MSA Storage
cancel
Showing results for 
Search instead for 
Did you mean: 

MSA 2040 SAN with a LUN failure.

 
LinuxSysAdmin
Occasional Contributor

MSA 2040 SAN with a LUN failure.

Hi,

 

I have a twin-controller MSA 2040 SAN with 16 x 900GB disks in it.

 

I have 3 LUNs, each 1.6TB

 

3 weeks ago I lost all access to one of those LUNs.  The other two were fine.

 

At the time, I had other live apps running on the other LUNs and took the decision to restore the affected VMs from backup onto the remaining LUNs rather than risk the 2 good LUNS with attempts to reboot controllers etc.

 

I reported the issue to HP and they eventually told me I was using an unsupported OS (I am running XenServer on 3 DL380s, direct connected to the MSA 2040 with 10GB SFP+ cables).

 

I sent them the MSA 2040 logs but all they said was "not supported".

 

So, I sacrificed one of my DL380s and built RHEL6 on it - and, just as I expected, I was unable to see the faulty LUN from RHEL either.  The other two were fine.

 

Sent the logs again, and an sosreport from the rhel box and haven't heard a peep out of HP support for  4 days now.

 

I really would like to understand what has failed on my MSA 2040.

 

The only unique thing about the failed LUN is that it is the only one of the 3 that is in Disk Group B which I believe uses Controller B as primary, and so one might think that controller B has failed but I thought that a dual controller device would fail over to Controller A in such a case.

 

Also, when I do "show controller-stat" on the MSA 2040 I see 0 IOPS on Controller A and lots of IOPS on Controller B.

 

On the MSA 2040 SMU GUI I also see green icons on the ports on controller B, as opposed to grey italicised icons on the corresponding A-ports.  This again would suggest lost of activity on A rather than B, but that doesn't tie up with a failure on controller B.

 

In any case all the health status on teh MSA 2040 is green all the way - no errors at all.

 

The only thing I get is anything that tries to access that LUN (in my case a XenServer using iSCSI, or RHEL via iSCSI) just hangs.

 

Even the sosreport script I ran kept hanging as soon as the script went anywhere near /dev/sdd and /dev/sdh which in my case are the two paths to the failed LUN.

 

Why are HP taking so long over this issue?

 

Why is the MSA 2040 reporting as healthy when clearly it isn't?

 

Which controller do I have an issue with? A or B?

 

How do I get out of this mess, bearing in mind I have other live VMs on the other LUNs, and I don't really want to lose all my data of I can help it.

 

This setup has been running fine since last year.

 

Regards,

Grant

2 REPLIES 2
WarNox
Advisor

Re: MSA 2040 SAN with a LUN failure.

First of all I think you need to find out if any FC ports are down, which it sounds like they are.

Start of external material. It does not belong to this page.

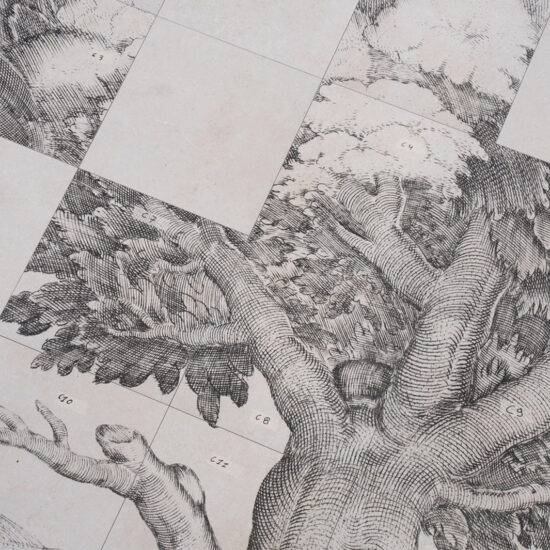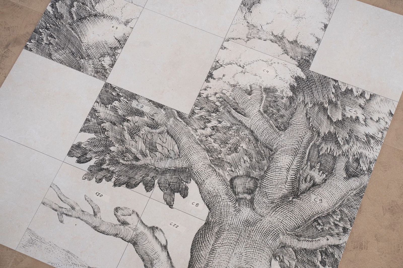 El artista ha utilizado la cerámica come un lienzo blanco sobre el que ha dibujado elementos naturales que dialogan con las figuras de la obra de Tintoretto. Unas 60 decoraciones sobre azulejos de formato cuadrado, todas distintas, conforman un hermoso mosaico artístico. El resultado es un espacio circular pensado por Starling para sumergir al visitante en un ambiente por recorrer y en el que admirar la obra maestra de Tintoretto suspendida en el techo.

Is there a FC switch between the servers and the MSA? And is there 2 ports from each DL plugged into the SAN/switch or just one?

On the MSA run 'show ports' and post the output.

HP should respond within the SLA, depending on your support agreement.
JayGodfrey
Occasional Visitor

Re: MSA 2040 SAN with a LUN failure.

Hey Grant,

 

We have had a very similar issue over the last few months.

 

We have a cluster of 5 Xenservers, and 4 times now we have had 1 of the storage processes fail but not completely, then after a while the second storage processor will fail.

 

After rebooting the storage process's it comes good. I spent a bit of time with HP trying to resolve the issue, but all they said was update to the latest firmware then that xenserver was unsupported.

 

We are currently migrating from XenServer to Hyper-V.

 

My collegues think it is an issue with LVM, and our manager is blaming XenServer.

 

I find it hard to belive that XenServer could cause the SP to fail.

 

I am half way through the migration to Hyper-V and the issue happened again last night and my Hyper-V box also lost access.